Purpose: To compare the morphologic trueness of provisional and definitive restorations constructed with conventional custom impression techniques to those constructed with intra- and extraoral scanning (IEOS), which can digitally transfer the subgingival morphology of the provisional restoration to the definitive restoration. Materials and Methods: Provisional restorations were fabricated on typodonts in which implants were placed. In the conventional method, a customized impression coping was produced by using polymethyl methacrylate resin to transfer the subgingival contour of the provisional restoration. Impressions were taken with silicone impression material, and definitive restorations were made by CAM. The IEOS technique was performed as previously reported. In brief, three individually scanned stereolithography (STL) files were superimposed in CAD software to transfer the morphology of the provisional restoration to the definitive restoration.
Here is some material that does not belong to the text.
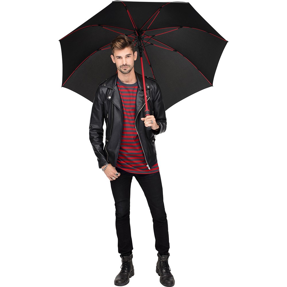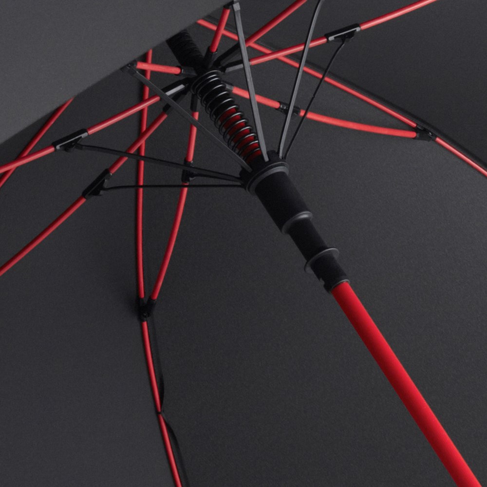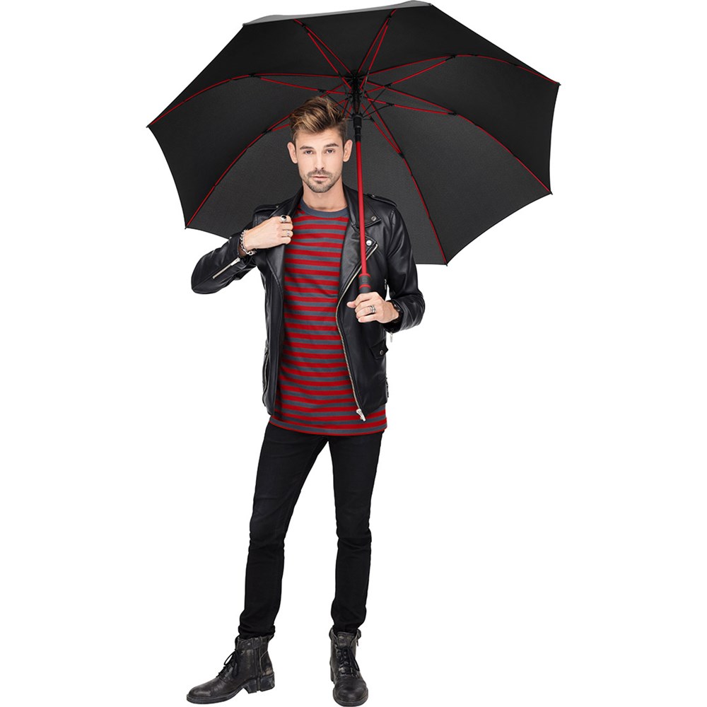 Stylish automatic golf umbrella for two people with coloured shaft and coloured elements Convenient automatic function for quick opening, high-quality Windproof PLUS system for maximum frame flexibility in stormy conditions, flexible fibreglass ribs, stable steel shaft with coloured plastic tube, polyester pongee material made of recycled plastics, eco-friendly thanks to original waterSAVE cover material, with waterSAVE® label on the closing strap, exclusive straight Soft-Feel handle with coloured handle rings and double promotional labelling option. Also available as mini umbrella (art. 5084, 5484, 5584) and as midsize umbrella (art. 4784).
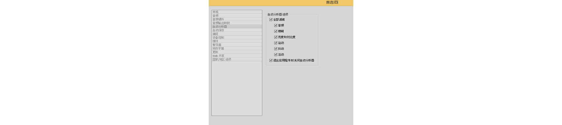 - 退出应用程序时关闭自动分析器:选中后,如果关闭 Premiere Elements,将关闭正在后台运行的自动分析器进程。

Definitive restorations were then made by CAM. The provisional and definitive restorations were both scanned by IOS. Scanned data files were superimposed with morphometry software, and the distortions were measured. Student t test was used for statistical analysis. Results: The subgingival morphologies of definitive restorations prepared by the conventional method showed significant negative distortions compared to definitive restorations prepared by the IEOS technique. Conclusion: The IEOS technique can more accurately transfer the subgingival contour of provisional restorations to definitive restorations compared to the conventional customized impression coping technique.